In a perfect world, you can eat whatever you want with very little consequences. Of course, we know there are a few lucky people with fast metabolisms who can eat fast food and keep their waist small.

But science has found that there may be a reason for this other than metabolism.

New research shows that a diet with a lot of fat and salt could actually prevent weight gain.

Yes, you read that right!

The results come from an experiment where scientists put groups of mice on different diets. Some ingested high-fat foods and levels of salt. The group who gained the same amount of weight as mice eating normal food were the ones who ate the very salty and high-fat diet.

Salt is not only tasty, but it may have helped the mice digest their food and absorb fat. Don't get too excited, though - not everyone is lucky in this aspect.
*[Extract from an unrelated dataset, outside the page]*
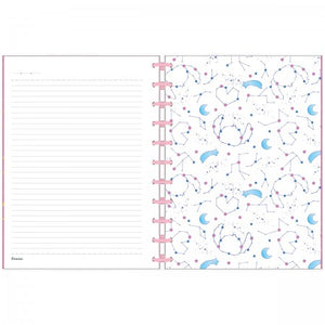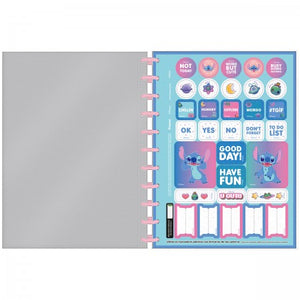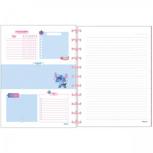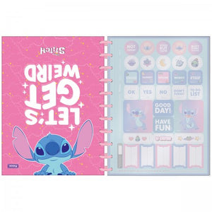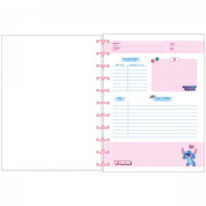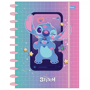 -O Stitch (também conhecido como Experimento 626) é um dos personagens mais queridos e divertidos do universo da Disney. O Caderno Discbook busca retratar o personagem no mundo das redes sociais, com elementos e cores características em sua composição.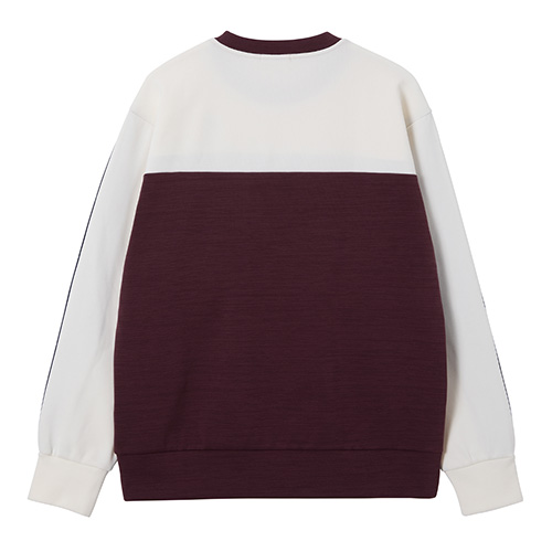 あえてクラシックなフォントを使用することで親近感のある印象に。両袖や型部分に施したパイピングがデザインのアクセント。表面と裏面で編地の密度を変えたハーフゲージニットを採用。表面は独特な杢柄になっており高級感のある風合い。吸汗・ストレッチ・UV CUT(UPF50+)。やや大きめのシルエット。

"It's totally different for each person," says Keri Gans, author of The Small Change Diet. "We always associate poor health with high weight, but you can definitely be a thin person and still have a lot of health complications that have nothing to do with your weight."

We can go on and on about talking about how some are "lucky" by eating whatever they want, but this study also pokes holes in the logic that every skinny person is healthy, and every overweight person is fat.

Even if you're able to keep the weight off, a diet with a lot of salt could affect other aspects of your health. For instance, high salt intake leads to higher blood pressure, which creates a greater strain on your heart, arteries, kidneys, and brain. This leads to heart attacks, strokes, and kidney disease.

Yikes! Keep this information in mind when you hear someone making a big deal about weight. Fast food, instant soups, and even salad dressings have extremely high levels of sodium, so eat those with caution.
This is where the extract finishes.